Introduction: The 5 Dollar Solder Pot
Once again a thrift store find solved a problem for me in a most economical way. I like to tin wire ends whenever possible during my electronic projects, but touching off the ends of wires is a tedious and interruptive step, how much better things are when one can draw upon an inventory of freshly prepared wire, and a soldering pot gets that done most quickly and reliably.
Step 1: Safety First
No particular hazard is expected for this build, but during use molten metal may be present; use caution and protective gear.
Step 2: Convert the Tool
The iron is one of those great old beasts cooking up at around 200 watts in it's youth, but a measure of the current draw now puts it at 75 continuous, still plenty useable for this modification.
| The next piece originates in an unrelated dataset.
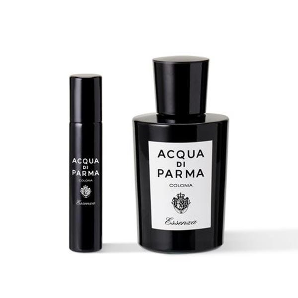 Un Set Deluxe de Colonia Essenza de Acqua di Parma en dos formatos: uno para tu hogar y otro para viajar.

I sawed the tip about midway down to give me a diameter of 5/8” [16mm], the copper was a threaded affair, and so was easy to remove. I chucked the keeper end in my lathe and bored a 3/8” [7mm] diameter hole 1/2” [13mm] deep, and reinstalled it into the iron. That's it, all done.
Step 3: Setup for Use
I clamp it to the side of my workbench/ shop cart with the tip just below the surface, this does two things: it's a comfortable working height, and it lessens the chance of accidental contact. I have a jug of homemade flux and several drawers full of recovered wire from old equipment, and a radio set to the oldies station, so it's actually a pleasant divergence for me.
Step 4: Parting Thoughts
I have three favored hookup wire types: insulated stranded, solid with plastic insulation, and solid with enamel insulation. I'll sit and do a batch of random lengths and gauge, both ends. When a project is underway I'll grab a wire type that is closest to my required hookup length and go. Even cutoffs are handy because I still have one end tinned, and for me the first connection tends to be the most critical, so I'm normally ahead of the productivity curve because of it.